■ What the exercise asks
Print out the entries from the line containing "Еврочетырехкомнатная квартира с" through the last line, exactly, and print nothing else. Pictures are not copied.

■ Records supplied
━━━━━━
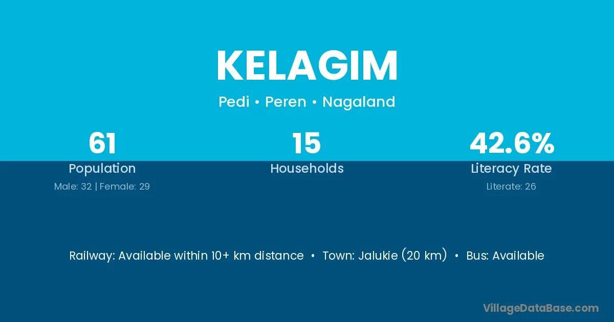 Jalukie (20 km) is the nearest town to Kelagim village for major economic activities and is located approximately 20 km away.
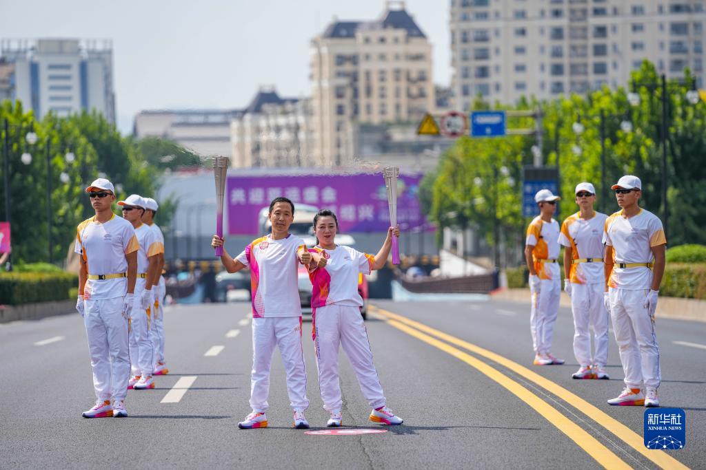 9月11日,火炬手單杰(左)和張迪在火炬傳遞中。
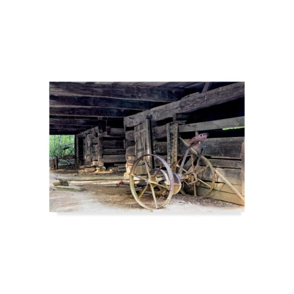This ready to hang, gallery-wrapped art piece features a metal farming tool under a wooden shed.
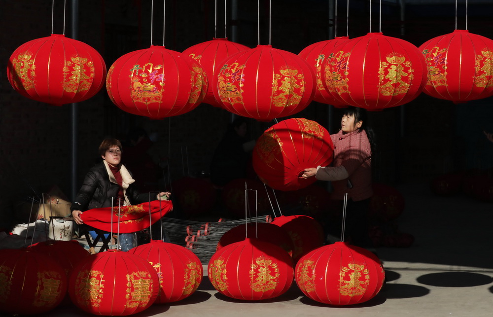 Two women work at a lantern factory in Shijing Village in Wuzhi County, central China's Henan Province, Dec. 21, 2020. Villagers are busy making lanterns for the upcoming festival season. (Photo by Feng Xiaomin/Xinhua)
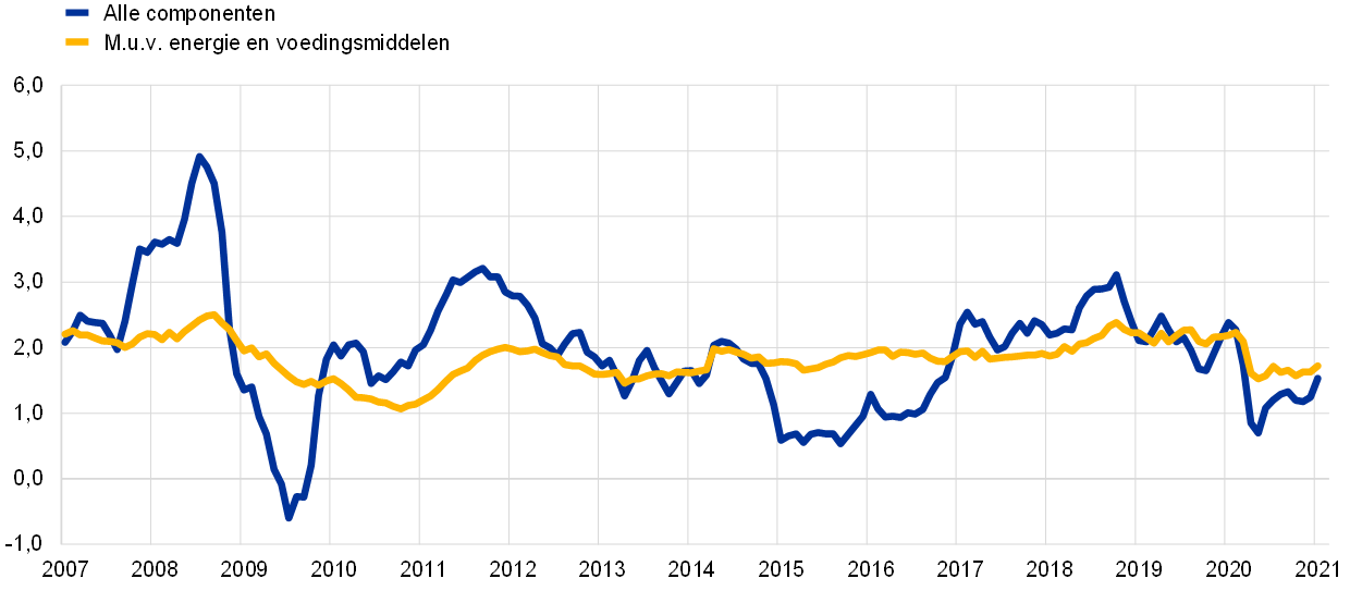 - Zie voor een uiteenzetting over de problemen bij het meten van consumptieprijzen tijdens de pandemie het Kader “Consumption patterns and inflation measurement issues during the COVID-19 pandemic”, Economic Bulletin, Issue 7, ECB, 2020.
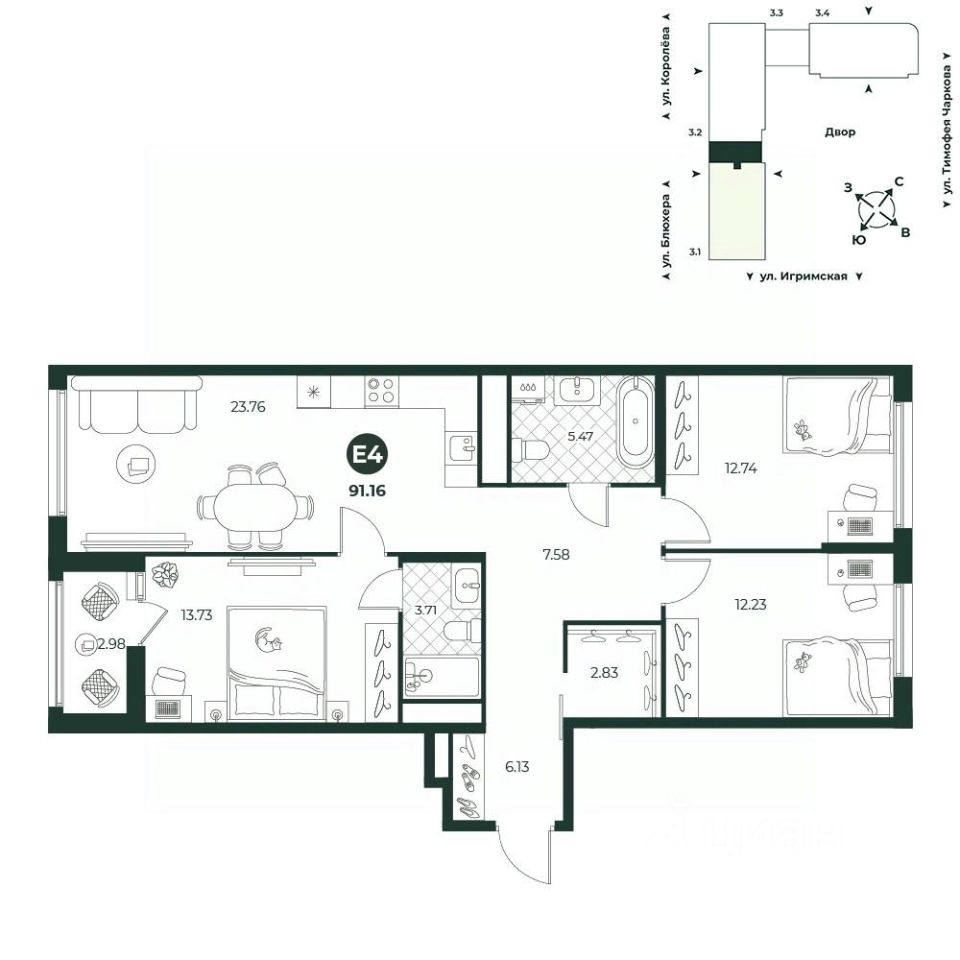 Еврочетырехкомнатная квартира с мастер-спальней, обустроенной санузлом и выходом на собственную лоджию. Просторная кухня-гостиная повышает социальную активность-можно общаться с семьей и гостями во время готовки. В прихожей есть комната, в которой можно организовать гардеробную. Окна выходят на две стороны.
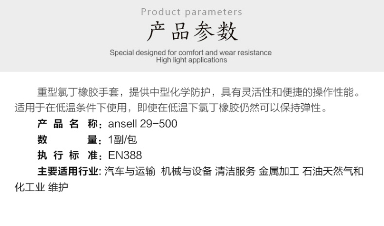 安思爾/Ansell 29-500 氯丁橡膠防化手套 9碼 12副/打
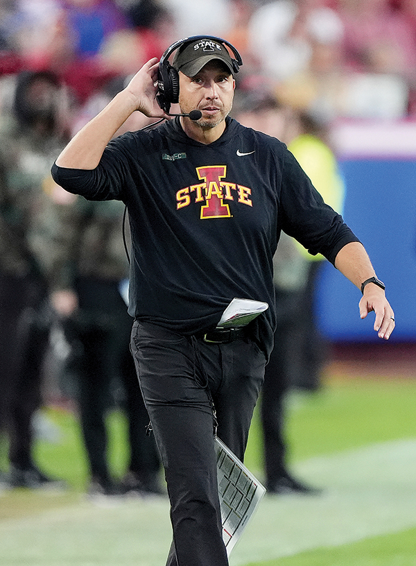 AP FILE PHOTO – Iowa State head coach Matt Campbell looks on during the second half of a college football game against Kansas on Nov. 9, 2024, in Kansas City, Mo. Kansas won 45-36.
━━━━━━
■ Response for this exercise
 Еврочетырехкомнатная квартира с мастер-спальней, обустроенной санузлом и выходом на собственную лоджию. Просторная кухня-гостиная повышает социальную активность-можно общаться с семьей и гостями во время готовки. В прихожей есть комната, в которой можно организовать гардеробную. Окна выходят на две стороны.
 安思爾/Ansell 29-500 氯丁橡膠防化手套 9碼 12副/打
 AP FILE PHOTO – Iowa State head coach Matt Campbell looks on during the second half of a college football game against Kansas on Nov. 9, 2024, in Kansas City, Mo. Kansas won 45-36.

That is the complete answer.